Vendor Allowances Vendor allowances include price allowances, volume rebates, store opening costs
reimbursements, marketing participation, and advertising reimbursements received from vendors under vendor
contracts. Vendor merchandise allowances are recognized as a reduction of the costs of merchandise as sold. Vendor
reimbursements of costs are recorded as a reduction to expense in the period the related cost is incurred based on
actual costs incurred. Any cost reimbursements exceeding expenses incurred are recognized as a reduction of the
cost of merchandise sold. Volume allowances may be estimated based on historical purchases and estimates of
projected purchases.
Deferred Catalog Costs and Advertising Advertising production costs are expensed as the advertising occurs
except for catalog costs which are amortized over the expected period of benefit estimated at 3 to 12 months after
mailing. Unamortized catalog costs totaled $31,015 and $32,569 at the end of 2008 and 2007, respectively. Advertising
expense, including catalog costs amortization, and website marketing paid search fees, was $212,379, $207,373, and
$191,533 for 2008, 2007, and 2006, respectively. Advertising vendor reimbursements netted in advertising expense
above totaled $1,834, $7,058, and $4,546 for 2008, 2007, and 2006, respectively.

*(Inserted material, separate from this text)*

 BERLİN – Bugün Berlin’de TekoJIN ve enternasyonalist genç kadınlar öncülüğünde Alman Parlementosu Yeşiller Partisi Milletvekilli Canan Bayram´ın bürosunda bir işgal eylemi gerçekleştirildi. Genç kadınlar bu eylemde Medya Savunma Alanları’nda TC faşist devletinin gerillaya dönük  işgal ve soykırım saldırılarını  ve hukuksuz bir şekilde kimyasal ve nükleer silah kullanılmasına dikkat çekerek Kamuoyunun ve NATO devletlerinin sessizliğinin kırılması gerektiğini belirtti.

Store Pre-opening Expenses Non-capital costs associated with the opening of new stores are expensed as
incurred.
Leases We lease certain retail locations, distribution centers, office space, equipment and land. Assets held
under capital lease are included in property and equipment. Operating lease rentals are expensed on a straight-line
basis over the life of the lease. At the inception of a lease, we determine the lease term by assuming the exercise
of those renewal options that are reasonably assured because of the significant economic penalty that exists for
not exercising those options. The exercise of lease renewal options is at our sole discretion. The expected lease
term is used to determine whether a lease is capital or operating and is used to calculate straight-line rent expense.
Additionally, the depreciable life of buildings and leasehold improvements is limited by the expected lease term.

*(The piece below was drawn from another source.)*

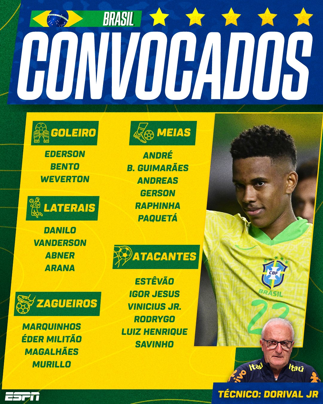 A estreia de Murillo, central do Nottingham Forest, é o grande destaque na convocatória do Brasil para os jogos com a Venezuela e Uruguai. Estevão, Militão e Vinícius, por sua vez, estão de volta. Já Endrick, do Real Madrid, ficou de fora das opções de Dorival.

Property and Equipment Property and equipment are stated at cost. Depreciation and amortization are
provided over the estimated useful lives of the assets, including assets held under capital leases, on a straight-line basis.
Leasehold improvements are amortized over the lease term or, if shorter, the useful lives of the improvements. Assets
held under capital lease agreements are amortized using the straight-line method over the shorter of the estimated
useful lives of the assets or the lease term. The costs of major improvements that extend the useful life of an asset are
capitalized. Long-lived assets are reviewed for impairment whenever events or changes in circumstances indicate
that the carrying amount of an asset may not be recoverable. Capitalized interest on projects during the construction
period totaled $2,472, $4,069, and $355, for 2008, 2007, and 2006, respectively. Costs related to internally developed
software are capitalized and amortized on a straight-line basis over their estimated useful lives.

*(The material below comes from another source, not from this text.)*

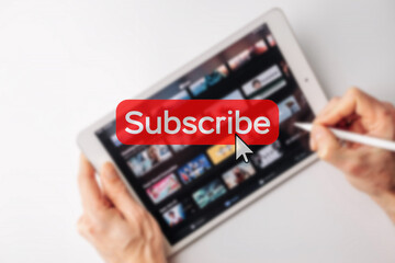 Subscription concept. Big red subscribe button with bell icon appear on smart mobile phone in hand. Smartphone horizontal style holding by businesswoman who watching on entertainment applicatiion.

Intangible Assets Intangible assets are recorded in other assets and include non-compete agreements and
goodwill. At the end of 2008 and 2007, intangible assets totaled $5,902 and $8,123, net of accumulated amortization
of $2,132 and $4,509, respectively. During the fourth quarter of 2008, we completed our annual impairment analyses
of goodwill and other intangible assets and recognized an impairment of $1,070, which is recorded in selling,
distribution, and administrative expenses in our Direct segment where projected discounted cash flows were less
than the fair value of the reporting unit.